Too much humidity is a problem too, though. It promotes the growth of mold, which is a big contributor to indoor air pollution. Mold spores are a big time allergen. The more moisture there is in your home, the more mold there’s likely to be. High indoor humidity levels also promote the growth of dust mites, another major indoor air contaminant and allergen.

Of course, you probably have a great indoor air cleaner in place to get all of those contaminants out of your home’s air supply. But if the air inside your home is too moist or too dry, it can actually make it harder for the air cleaner to remove all types of contaminants. Not only are you putting a greater strain on your body and immune system, you’re asking your air cleaners to work much harder, which can cost you money in repairs and filter replacements.

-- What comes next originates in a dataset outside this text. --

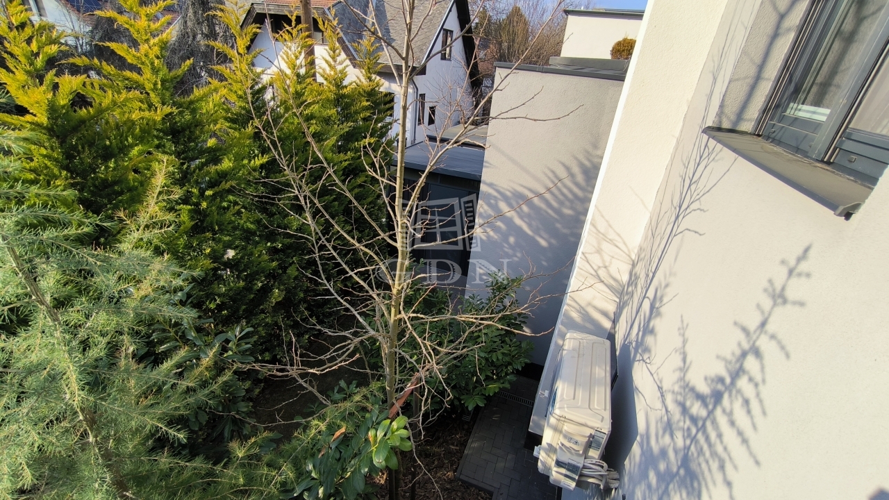 A nappali déli és nyugati tájolású, a garázs fölötti jakuzziból a dunaparti fák felett lenyugvó napban gyönyörködhetünk.

For all of these reasons, it’s important to put in a humidification system to maintain the overall quality of your indoor air. Plus, a properly humidified environment is simply more comfortable to live in. A humidifier can easily be integrated into your current home heating and cooling system, so you don’t have to worry about high installation costs or equipment compatibility. All you have to do is sit back, relax and breathe in the fresh air that your humidification system makes possible.